Ensure that your environment is configured correctly and that you have access to MinIO. You can use the MinIO console to verify that you can upload and access files from your data directory.

## Experiments
This section outlines the steps to reproduce the experiments from the paper. For all the experiments below we need to train models and compute scores at each checkpoint which can be done by the following:\
a. Use `train_cifar100.py` or `train_imagenet.py` to train models for CIFAR-100 and ImageNet, respectively. \
b. Run `score_cifar100.py` or `score_imagenet.py` to evaluate the models using CSG and other baselines on the CIFAR-100 and ImageNet models trained in step (a).

### 1. Validating Theory
c. Run `sim_exps/mem_sim_cifar100.ipynb` and `sim_exps/mem_sim_imagenet.ipynb` to reproduce the results for CIFAR-100 and ImageNet, respectively.

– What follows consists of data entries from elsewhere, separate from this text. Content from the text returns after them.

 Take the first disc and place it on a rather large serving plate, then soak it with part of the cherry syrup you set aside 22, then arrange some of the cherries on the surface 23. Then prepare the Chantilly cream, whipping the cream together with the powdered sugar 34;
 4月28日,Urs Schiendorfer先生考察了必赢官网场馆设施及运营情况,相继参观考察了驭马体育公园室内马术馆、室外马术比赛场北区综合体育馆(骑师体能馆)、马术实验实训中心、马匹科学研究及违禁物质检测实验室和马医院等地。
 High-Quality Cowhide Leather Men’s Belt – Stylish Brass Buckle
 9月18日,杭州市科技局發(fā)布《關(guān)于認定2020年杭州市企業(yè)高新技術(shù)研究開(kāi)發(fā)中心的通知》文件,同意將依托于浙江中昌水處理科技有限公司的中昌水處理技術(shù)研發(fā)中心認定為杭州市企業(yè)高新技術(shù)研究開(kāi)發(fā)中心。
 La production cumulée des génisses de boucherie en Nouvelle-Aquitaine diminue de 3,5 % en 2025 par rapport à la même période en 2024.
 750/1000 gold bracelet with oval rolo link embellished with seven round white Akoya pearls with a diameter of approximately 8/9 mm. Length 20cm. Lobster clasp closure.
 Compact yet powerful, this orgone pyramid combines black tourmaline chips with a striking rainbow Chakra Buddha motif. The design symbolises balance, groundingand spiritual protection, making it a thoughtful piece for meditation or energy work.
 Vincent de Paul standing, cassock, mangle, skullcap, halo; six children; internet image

### 2. Similarity with Memorization
c. Run `sim_exps/mem_sim_cifar100.ipynb` and `sim_exps/mem_sim_imagenet.ipynb` to reproduce the results for similarity with memorization.

### 3. Early Stopping
c. Run `early_stopping_exps/early_stopping.ipynb` to reproduce the results for similarity with memorization.

### 4. Mislabelled Experiment

To reproduce the mislabelled experiment results, follow these steps:

The mislabelled experiment involves training multiple models (mislabelled, k-fold confidence learning, and SSFT models) and then scoring them. To run all the training and scoring jobs for the mislabelled experiments, execute the following script:

```bash
sh ./mislabeled_exps/mislabeled_exps.sh
```

This script will:
- Train the mislabelled models, k-fold confidence learning models, and SSFT models for both CIFAR-10 and CIFAR-100 datasets, across different noise levels and seeds.
- Score the models for each epoch to compute baseline metrics and learning time.

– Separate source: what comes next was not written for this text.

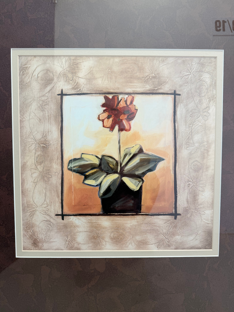 The artwork is a print titled Red Geraniums by the artist Maria Eva. It is a popular, mass-produced floral print. The artwork features a potted plant with large green leaves and reddish-orange flowers in a black pot. The central image has an inner decorative border and is set against a large brown and beige mat with an ornate gold-toned frame. The frame has lovely detailing and can be repurposed for other art, a mirror, or blackboard. Photos do not give piece the justice it deserves. Come visit the store and view in person during the auction period.
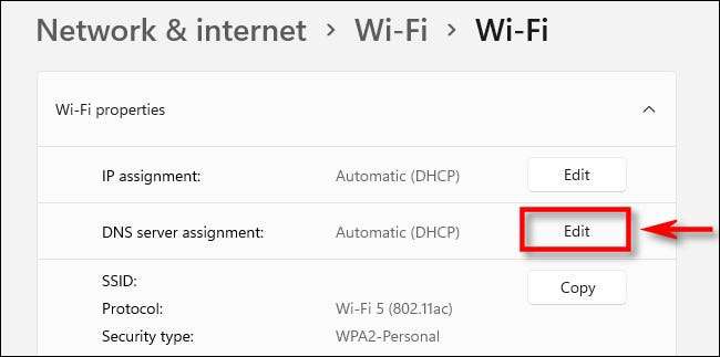 בדף Wi-Fi או Ethernet תכונות החומרה, מצא את האפשרות "שרת DNS הקצאה" ולחץ על כפתור "ערוך" לצד זה.

After running the mislabelled experiments, analyze the results using the `analyze_mislabeled/analyze_mislabeled.ipynb` notebook. This notebook will compute relevant metrics and generate visualizations as described in the paper. You have to move this to the root folder i.e. in the same location and `config.json` and `credentials.json`.

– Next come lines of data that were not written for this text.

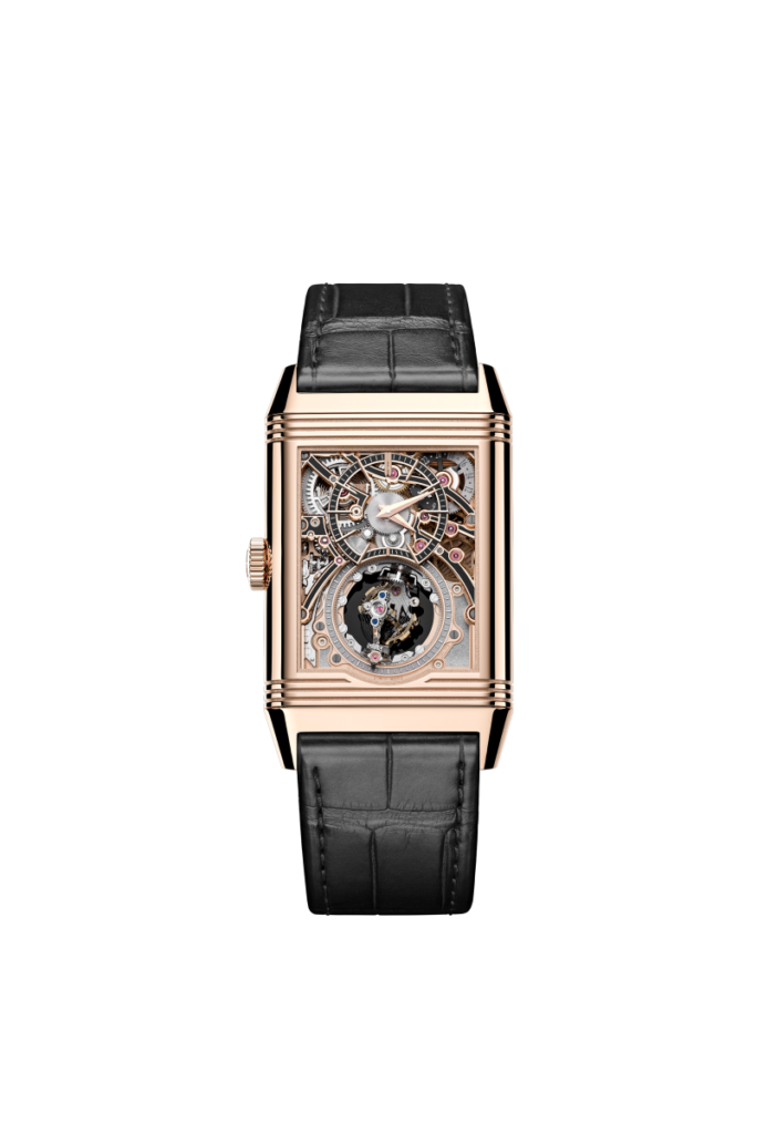 Composé de 382 composants, le Calibre 179 est extrêmement complexe, mais le boîtier reste élégant et confortable, avec une épaisseur totale de seulement 13,63 mm. Fabriquée en or rose 18 carats (750/1000) et pesant près de 30 grammes, la boucle déployante réglable et brevetée de la Reverso Hybris Artistica Calibre 179 intègre un système à double roue qui permet des micro-réglages au 0,5 mm près.
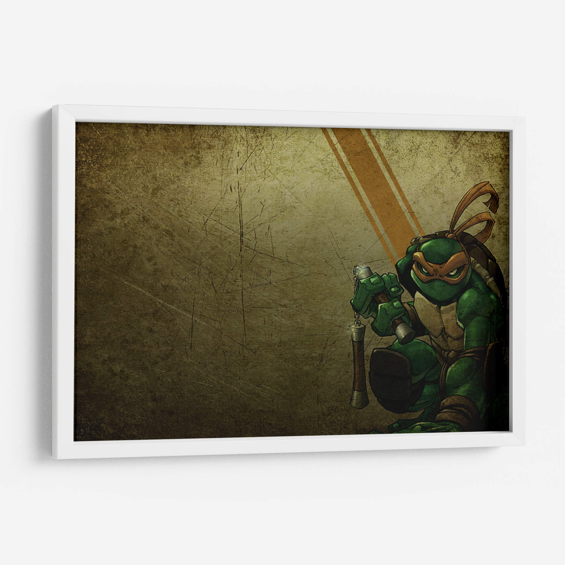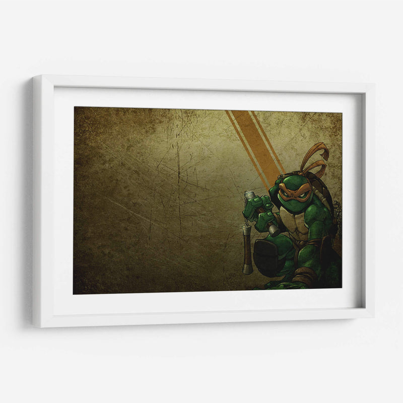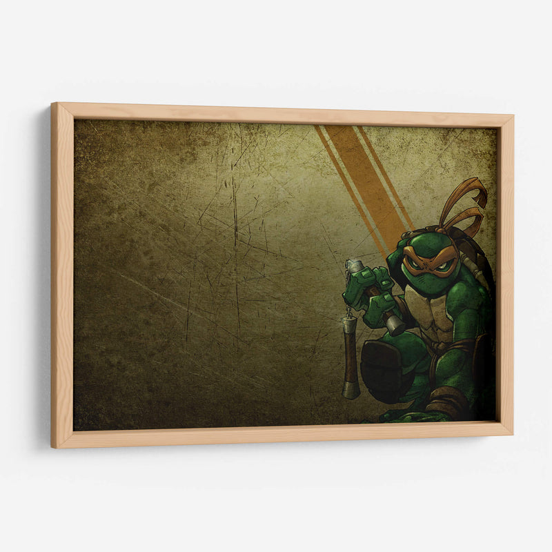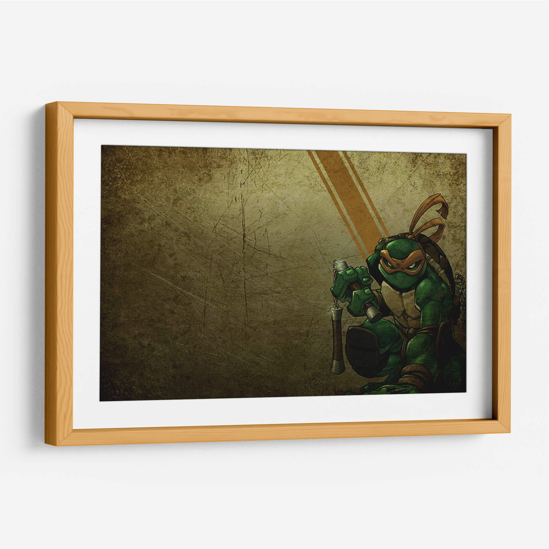 Sumérgete en el universo del cómic y la cultura pop con este impactante cuadro decorativo que captura la esencia de un icónico guerrero ninja. La obra presenta una figura estilizada y musculosa de una tortuga antropomórfica, vestida con su característico antifaz anaranjado y portando sus nunchakus listos para la acción. El fondo, con una textura desgastada y arañazos sutiles en tonos tierra y ocres, evoca una atmósfera de misterio y aventura, contrastando con la vibrante paleta de verdes y naranjas de la figura central. Las líneas dinámicas y la composición audaz sugieren movimiento y energía, haciendo de esta pieza un punto focal perfecto para cualquier espacio que busque un toque de rebeldía y nostalgia. Ideal para salas de estar, estudios o cuartos de juegos, este cuadro decorativo no solo embellece tu pared, sino que también evoca el espíritu de lucha y la camaradería de los héroes que marcaron una generación. Es una adición excepcional para los amantes del arte pop, los cómics y las series animadas que buscan una decoración audaz y llena de personalidad.
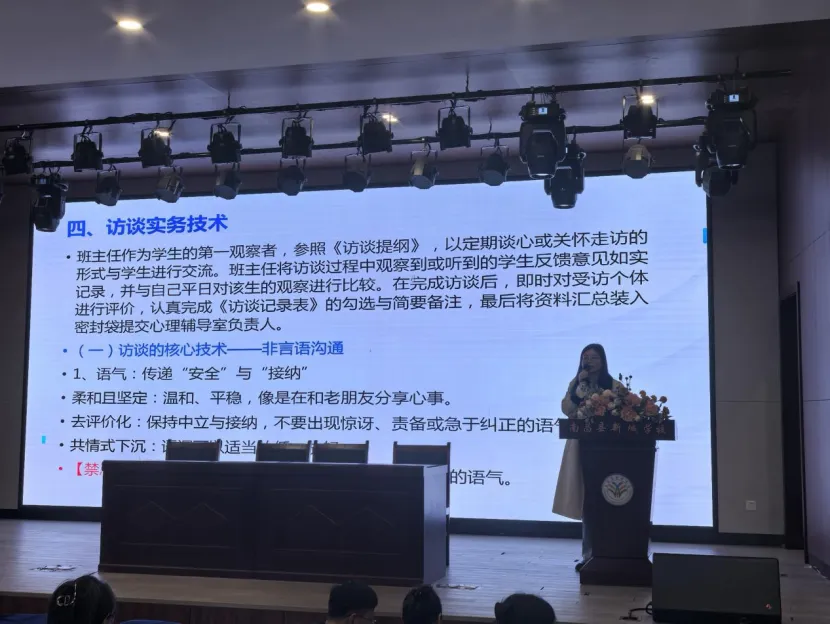 随后,刘倩老师、聂丽老师分别在一部、二部校区开展实务专题培训。培训围绕“2筛”工作核心定义与价值、职责流程、访谈提纲、实务技术、红线伦理等内容展开,详细讲解小学低、中高段及初中各年级访谈要点,示范沟通话术、非言语沟通技巧与记录表填写规范,明确红线处置与平台操作流程。培训内容具体、指导性强,为班主任开展访谈提供清晰指引与实操方法。
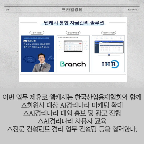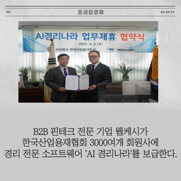 [프라임경제] 기업간거래(B2B) 핀테크 전문 기업 웹케시(053580)가 한국산업용재협회 3000여개 회원사에 경리 전문 소프트웨어 'AI 경리나라'를 보급한다.
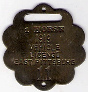 E. PITTSBURGH, PENNSYLVANIA 1906 2 HORSE DELIVERY | 1919 EAST PITTSBURGH, PENNSYLVANIA I HORSE VEHICLE LICENSE |
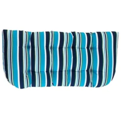 The Lakeside Collection Striped Outdoor Cushion Collection – Blue Stripe Wicker Settee
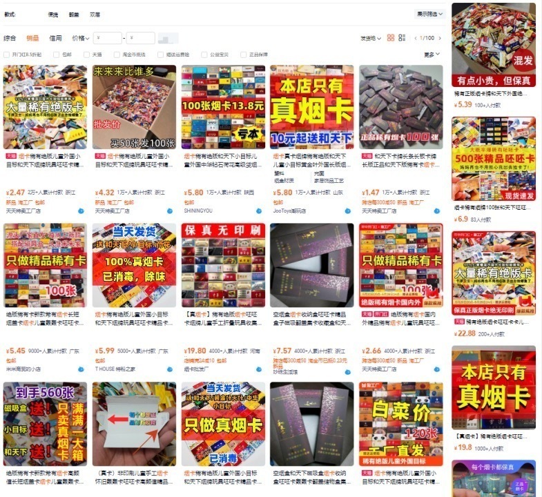 網絡購物平臺上更可找到大量貨源,頁面上還多標有“保真”“小朋友都喜歡”“讓孩子遠離手機”“來來來比誰多”“讓孩子有面子”之類的宣傳語,一些店家主推“稀有卡”“絕版卡”,累計銷量幾千上萬的網絡店鋪不在少數。商品評論中,“幾元錢買到孩子心坎里”“孩子玩得很開心”“煙卡是真的,還送了好幾個”之類,好評如潮。
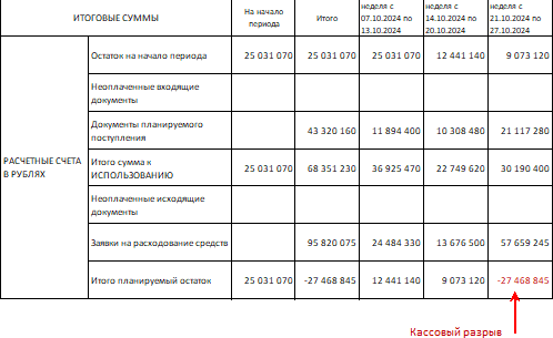 В календаре виден кассовый разрыв 27 миллионов, он возникает на неделе с 21 октября. И у нас есть время, чтобы его предотвратить.

### 5. Duplicate Detection Experiment

The duplicate detection experiment involves training SSFT models, confident learning models, and standard models for the CIFAR-10 and CIFAR-100 duplicate datasets, followed by scoring them using various metrics.

To run all the training and scoring jobs for the duplicate detection experiments, execute the following script:

```bash
sh ./duplicate_exps/duplicate_exps.sh
```

This script will:
- Train SSFT models with different seeds and parts for both CIFAR-10 and CIFAR-100 duplicate datasets.
- Train standard models for the duplicate datasets.
- Train confident learning models for both CIFAR-10 and CIFAR-100 duplicate datasets.
- Score the models and compute metrics such as loss curvature, gradient, and learning time for both datasets.

Once the duplicate detection experiment has completed, analyze the results using the `duplicate_exps/analyze_duplicates.ipynb` notebook. This notebook will compute and visualize the relevant metrics as described in the paper. You have to move this to the root folder i.e. in the same location and `config.json` and `credentials.json`.